I have a directory with excel files that I'm looping through and reading a sheet from each into a Pandas dataframe. Each file contains a month of data (example name = "Savings January 2019.xlsx"). There is not a column in the excel sheet for a date, so I'd like to add a column for "Date" to the dataframe and read each file by month and year in the workbook name (ex. "January 2019") and add 'MM-DD-YYYY' (ex. '01-01-2019' as the date value for each row read in.

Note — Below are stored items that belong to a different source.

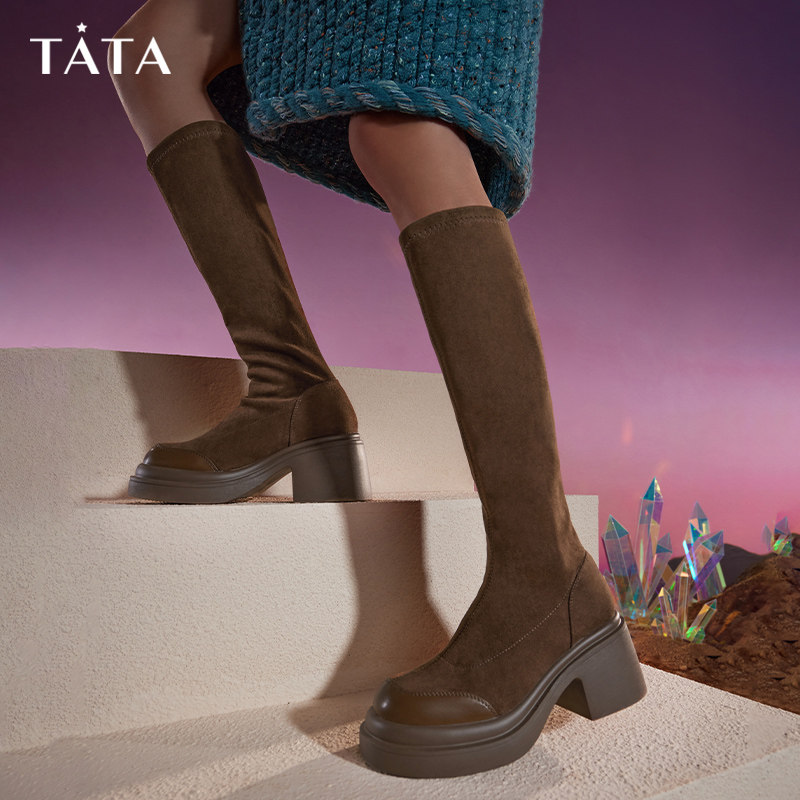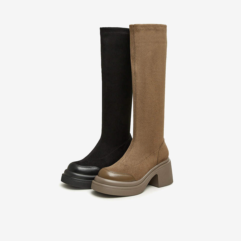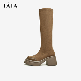 时装 千百度粗高跟弹力袜靴女2025秋冬新款 靴短靴子 静音系列
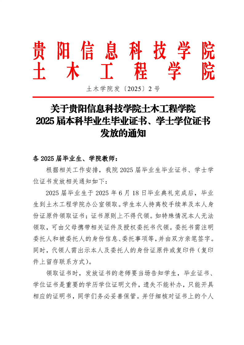 关于beat365在线唯一官网土木工程学院2025 届本科毕业生毕业证书、学士学位证书发放的通知
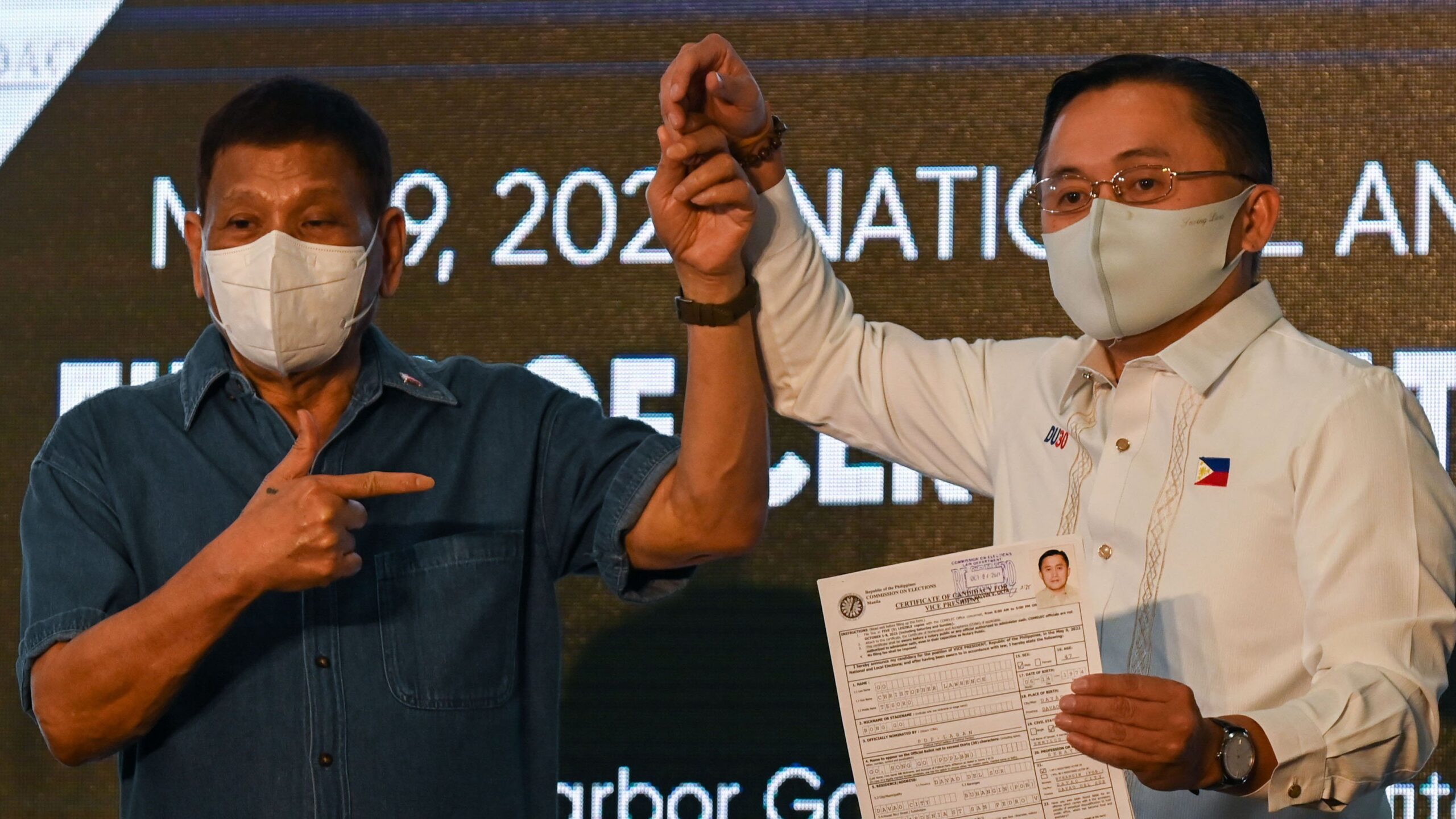 Duterte realizó su anuncio sorpresivo de retirarse de las elecciones tras acompañar a su antiguo asistente, el senador Bong Go, quien se registró como aspirante a la vicepresidencia en un centro de la Comisión Electoral.

Below is my working loop to read 12 excel workbooks in without dates, producing only all 12 month totals. I need the dates so I can visualize the data by month.
df_total = pd.DataFrame()
for file in files: # loop through Excel files (each file adds date value based on file name)
if file.endswith('.xlsx'):
excel_file = pd.ExcelFile(file)
sheets = excel_file.sheet_names
for sheet in sheets: # loop through sheets inside an Excel file
df = excel_file.parse(sheet_name = "Group Savings")
df_total = df_total.append(df)
Current df:
State Group Value
0 Illinois 000000130 470.93
1 Illinois 000000130 948.33
2 Illinois 000000784 3498.42
3 Illinois 000000784 16808.16
4 Illinois 000002077 7.00
Need df:
State Group Date Value
0 Illinois 000000130 01-01-2019 470.93
1 Illinois 000000130 01-01-2019 948.33
2 Illinois 000000784 01-01-2019 3498.42
3 Illinois 000000784 02-01-2019 6808.16
4 Illinois 000002077 02-01-2019 7.00
I've done a little research and think it's something like creating the column then adding the date value but can't figure out how to parse the filename to do so and am clearly a beginner here.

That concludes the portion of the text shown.